AVAILABLE DATA:
>>
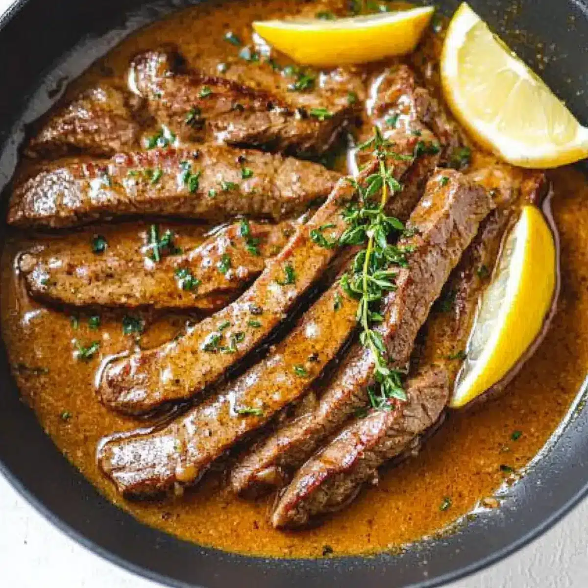 - Prepare Sauce: Reduce skillet heat, add more butter if necessary. Sauté shallot and garlic until fragrant. Stir in thyme, lemon juice, mustard, and beef stock, scraping browned bits from the skillet.
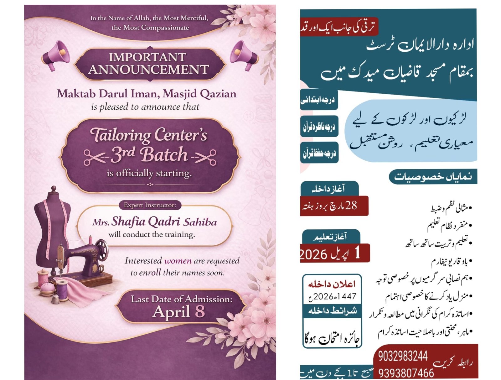 ادارے میں طلبہ و طالبات کے لیے ابتدائی درجے، ناظرہ قرآن اور حفظ قرآن کی کلاسز کا آغاز کیا جا رہا ہے، جہاں دینی تعلیم کے ساتھ ساتھ تربیت پر بھی خصوصی توجہ دی جائے گی۔
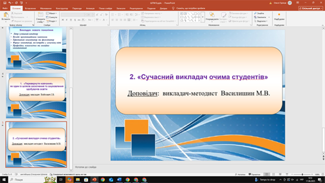 Другим питанням стало обговорення теми «Сучасний викладач очима студентів». Доповідь представила Марія ВАСИЛИШИН, викладачка циклової комісії економічних дисциплін. Вона поділилася результатами спостережень і опитувань, які допомагають краще зрозуміти очікування й потреби здобувачів освіти щодо ролі викладача сьогодні.
<<
WHAT TO DO: From the opening line of the listing above through the line bearing "ادارے میں طلبہ", repeat each line exactly. Drop every picture.

OUTPUT BELOW:
 - Prepare Sauce: Reduce skillet heat, add more butter if necessary. Sauté shallot and garlic until fragrant. Stir in thyme, lemon juice, mustard, and beef stock, scraping browned bits from the skillet.
 ادارے میں طلبہ و طالبات کے لیے ابتدائی درجے، ناظرہ قرآن اور حفظ قرآن کی کلاسز کا آغاز کیا جا رہا ہے، جہاں دینی تعلیم کے ساتھ ساتھ تربیت پر بھی خصوصی توجہ دی جائے گی۔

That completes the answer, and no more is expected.